Where girls & guys look their best 

we like beauty.

beat
bēt/
noun
    1. makeup or skincare on your face.
 

Keeping a Clean Shaven Mug

Keeping a Clean Shaven Mug

I can’t grow a full beard. It’s never been an issue for me as I tend to ignore facial hair trends by principle. I believe it’s cyclical.  Merkinesque facial growth was a natural evolution after the baby-faced 90’s and 5-o’clock-shadowed aughts. I prefer to keep my facial hair clean shaven like Robert Reed (the patriarch of The Brady Bunch) and Elvis. This means that I shave every morning.

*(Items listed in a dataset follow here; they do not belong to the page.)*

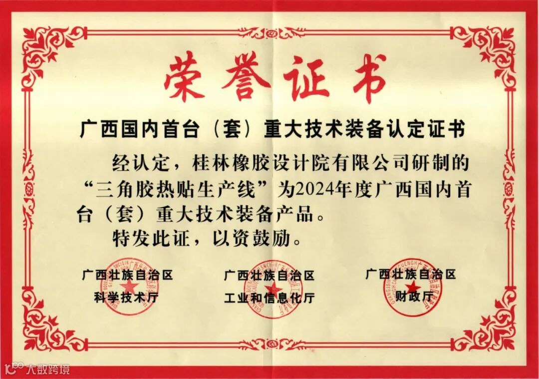 三角胶热贴生产线产品主要应用于全钢子午线载重胎的胎圈生产,投产运行后可实现单个胎圈生产用时小于20秒,较行业水平提升10%;双工位日产量超过7000个,较行业水平提升16%。该产品拥有发明专利9件(其中西班牙授权专利1项)、实用新型专利13件,为轮胎行业绿色、高效、智能制造提供重大先进技术支撑,推动轮胎行业向更高质量发展。产品也凭借先进工艺方法技术以及高度集成化、自动化、数字智能化性能优势,日前获得了2024年度广西国内首台(套)重大技术装备认定。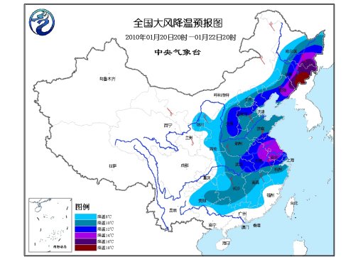 20日20時至22日20時,華北、東北、寧夏、陜西、黃淮、江淮、江漢、江南等地將先后有4~6級、陣風7級偏北風。上述地區及華南北部、貴州等地的氣溫將下降8~12℃,其中,東北地區東部、江淮東部等地降溫幅度可達14~16℃,東北地區東南部的部分地區降溫達18~20℃。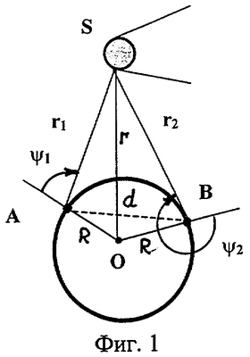 Геометрическая схема расположения наземных пунктов А и В и ИСЗ-ретранслятора S изображена на фиг.1, где введены следующие обозначения: О – центр масс Земли; d – база интерферометра; r – радиус-вектор ИСЗ-ретранслятора.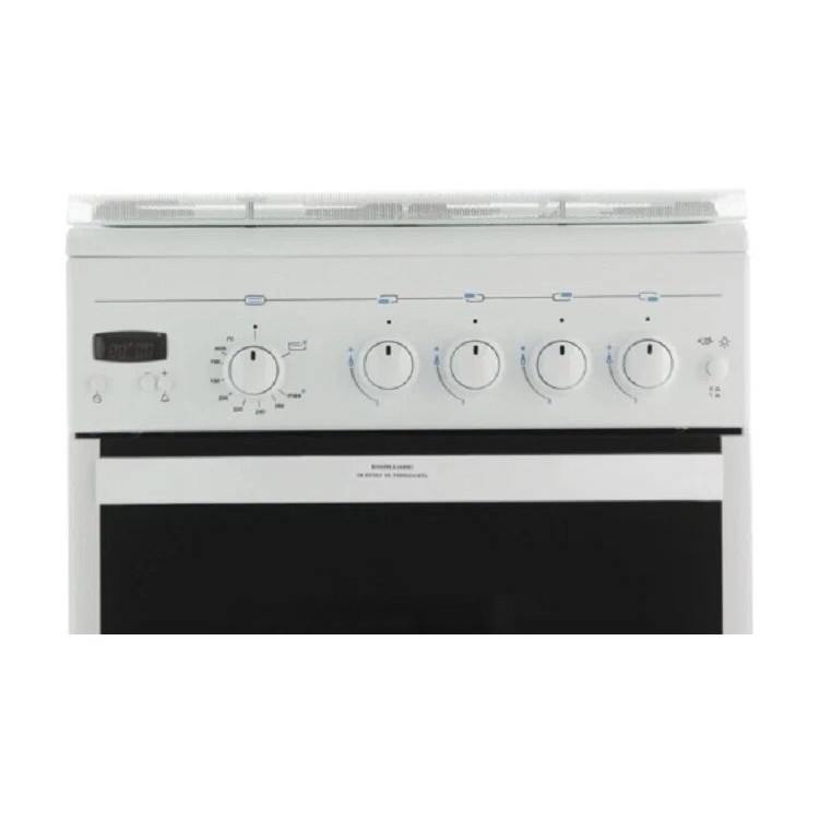 Плита оснащена газ-контролем конфорок и духовки. Для удобства использования есть электроподжиг.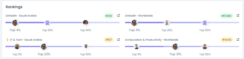 His network includes leading AI researchers, regional tech leaders, global NLP experts, and government innovation groups. Industry names such as Stanford AI Lab researchers, HUMAIN leadership teams, and regulatory figures in Saudi Arabia frequently interact with his work. These connections give him credibility in both global research communities and national AI strategy circles. His network reinforces a profile of influence based on expertise rather than hype.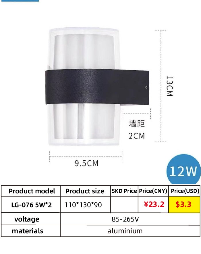LG-076 led outdoor waterproof wall lamp modern simple up and down pc light walkway patio villa exterior wall lamps(12W)
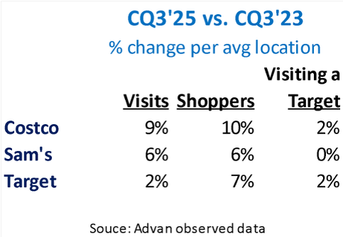 In our prior story on Target, we noted that while compelling and distinct merchandising (i.e. Tarjay) and store standards (out-of-stocks and service levels) may be inhibiting Target’s prior success, we believe their principle challenge is value perception in what we call our “extended thrifty K-shaped economy,” where (1) all consumers are fed up with the absolute level of prices, which is turning them to Costco, Sam’s Club, and Walmart, and (2) due to Target not having a full shop grocery offering. While Target does offer great value, its gross margin rate on merchandise is 27.1% (F2024), which is far above Costco’s 10.9% and Sam’s 8.6%. As such, by its business model, club offers greater value on a $ basis.
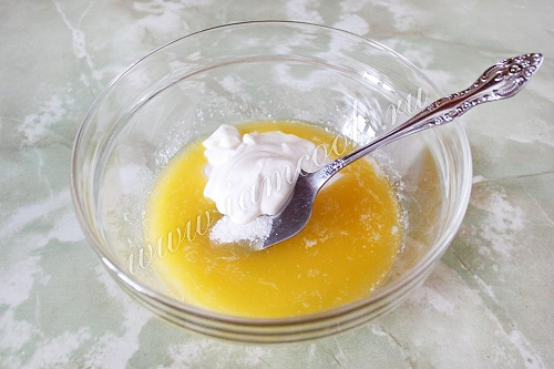 Для теста растопите сливочное масло и в теплое добавьте сметану. Перемешайте.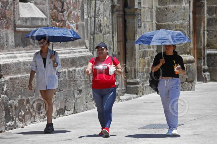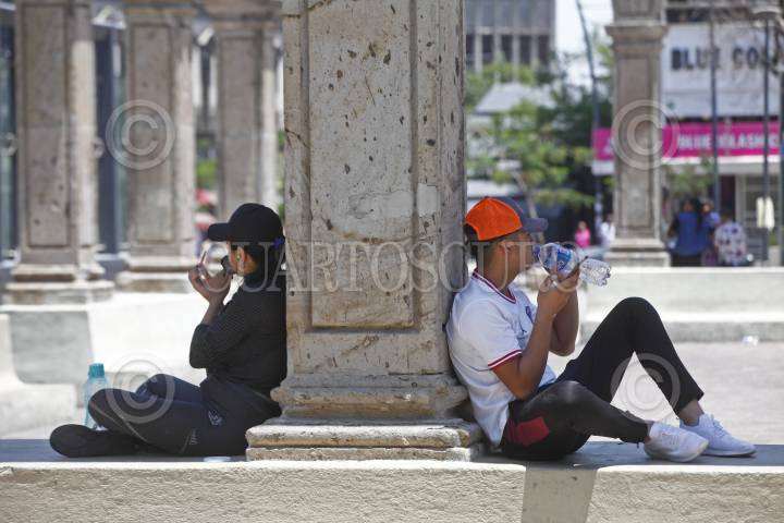 Cuatro jóvenes mujeres, caminan por un andador ubicado en el centro de la ciudad con sus bebidas refrescantes, esto para mitigar la sed que ocasiona el calor.
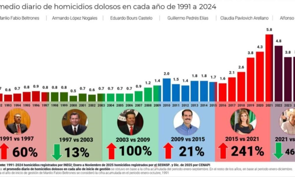 Bajo el liderazgo del gobernador Alfonso Durazo Montaño, Sonora ha logrado la mayor reducción en décadas del 46.7% en el promedio diario de homicidios dolosos, consolidando...
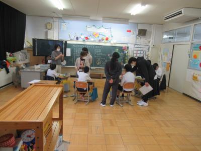 今年は向粟崎小学校で、それぞれが考えたお店や遊びを紹介しました。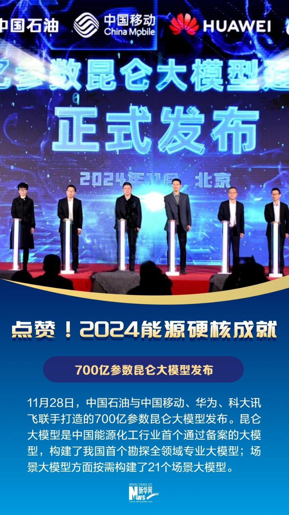 11月28日,中國石油與中國移動、華為、科大訊飛聯(lián)手打造的700億參數(shù)昆侖大模型發(fā)布。昆侖大模型是中國能源化工行業(yè)首個通過備案的大模型,于2024年5月正式啟動建設,3個月后參數(shù)量級達到330億。此次發(fā)布的昆侖大模型,在行業(yè)大模型方面參數(shù)從330億升級到700億,自然語言處理、語音視覺識別、多模態(tài)交互、科學計算等專業(yè)能力大幅提升,視覺大模型訓練數(shù)據(jù)進一步豐富;在專業(yè)大模型方面構(gòu)建了我國首個勘探全領域?qū)I(yè)大模型;場景大模型方面按需構(gòu)建了21個場景大模型。

I change my razor cartridge every Monday to keep them sharp and I like the satisfying click when I propel it off the handle into the waste bin. I use Dollar Shave Club’s 4x razor ($6/week) which is cheap enough that I don’t feel bad replacing them. After splashing water on my face, I smear a slug-sized dollop of Elemis Men’s Ice Shave Gel ($36.50) onto my face. It comes in a very expensive looking can, which is fitting, because it is very expensive. (I justify the luxury because my cartridges are so cheap.) The can is suspiciously long and matte black (like an assault rifle) and dispenses an Altoid-level menthol whip which helps me bowl over my morning fatigue. A few swipes with my razor à rebours, being sure to rinse between each, and rinse. (If you’re prone to razor bumps, for heaven’s sake, please don’t shave against the grain. Grab a single blade razor, too.) I use the Skin Soother lotion by Fresh ($39) because it has witch hazel, which helps keep redness at bay.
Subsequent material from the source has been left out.